Based on the first round of section-level image suggestions evaluation results, we decided to do more work to remove image suggestions for sections with tables and lists (T330841, T330848), remove image suggestions for short sections (T329282), and remove image suggestions for sections that already have an image (T330516).
We also decided to do more work to refine P18, P373, and lead image based suggestions (T330773).
After those tickets are done, this ticket is to do another round of internal and ambassador manual evaluation using https://section-image-suggestions-test.toolforge.org/ -- but this time we would like include the number and % of clicks on "this section should not have an image".
Acceptance Criteria
- Update the test data with the results of T330516, T329282, T330841, T330848, and T330773
- Include the option "This image is offensive" in addition to "Good", "Bad", and "This section shouldn't have an image"
- Run another round of evaluation using https://section-image-suggestions-test.toolforge.org/ with updated data
- The outputs should include:
wiki | % good intersection | % good alignment | % good P18/P373/lead image | % sections that should not have an image | % offensive images | total rated suggestions |
- "% good" should mean the % of the total rated suggestions rated good, *not* the % of those that don't include "sections that should not have an image" or "this image is offensive" -- therefore, ratings for "this section should not have an image" and "this image is offensive" should be counted in the total rated suggestions time
Instructions for ambassadors:
- Evaluate 500 random section-level image suggestions across 500 random different articles, per wiki.
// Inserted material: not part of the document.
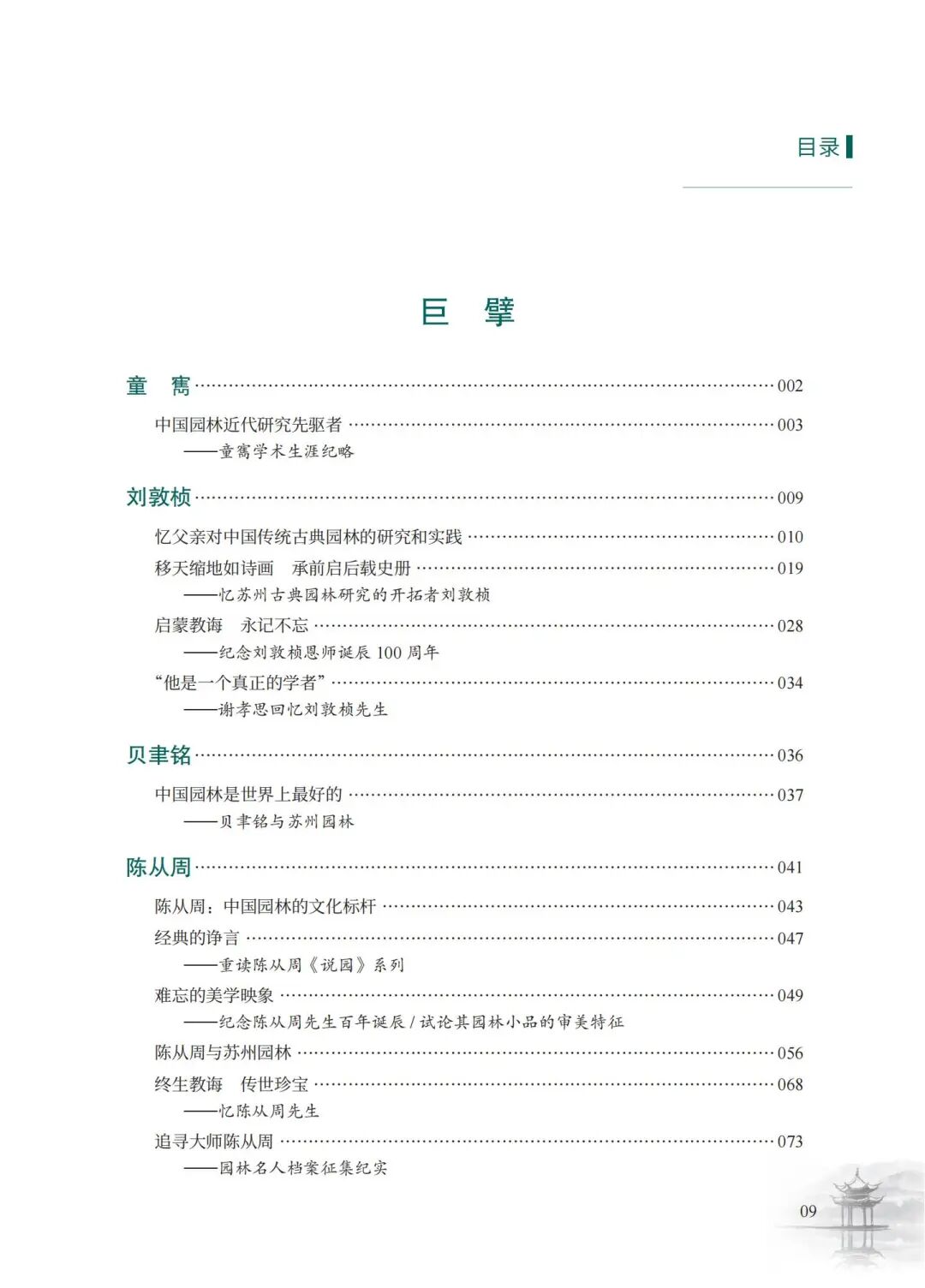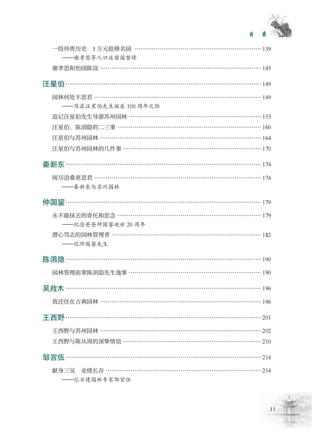 編輯這本選集,緣自《蘇州園林》雜志從20世紀90年代初創至今,歷年刊發的人物回憶錄、傳記、軼事、評論等文章,已有60余篇40余萬字,這些人物都是自中華人民共和國成立以來的社會名師大匠,他們為蘇州園林貢獻過自己的力量。“園林何處無君影”,他們不僅留下了令人難以忘懷的聲聲影影,更留下了珍貴的作品和印記,是蘇州園林傳承與發展中的寶貴財富。

- Ambassadors will need to count and keep track of how many suggestions they have evaluated in their language -- the tool will not capture that.
- For each result for each unillustrated article, manually decide whether the match is good or bad; alternatively note if the image is offensive or if the section should not have an image. You can also choose "unsure" if you are not confident in your selection.
- General comments or questions during evaluation can be posted as comments in this ticket.
- The estimated time of work for manual evaluation is 3 hours for the 500 images. However, if the 3 hours are passed without finishing the test, please leave a comment and we can decide whether to continue with further evaluation.
Results
wiki | % good alignment | % good intersection | % good p18/p373/lead image | %sections that should not have an image | % offensive images | total rated suggestions |
arwiki | 71 | 91 | 54 | 6 | 0.4 | 511 |
bnwiki | 28 | 86 | 26 | 24 | 0 | 204 |
cswiki | 41 | 77 | 23 | 13 | 0 | 128 |
enwiki | 76 | 96 | 75 | 3 | 0 | 75 |
eswiki | 60 | 67 | 48 | 27 | 0.2 | 549 |
frwiki | N.A. | N.A. | 100 | N.A. | N.A. | 3 |
idwiki | 66 | 81 | 37 | 37 | 0 | 315 |
ptwiki | 92 | 100 | 84 | 0 | 0 | 85 |
ruwiki | 73 | 89 | 69 | 4 | 0 | 250 |
overall | 64 | 86 | 57 | 14 | 0.07 | 2,120 |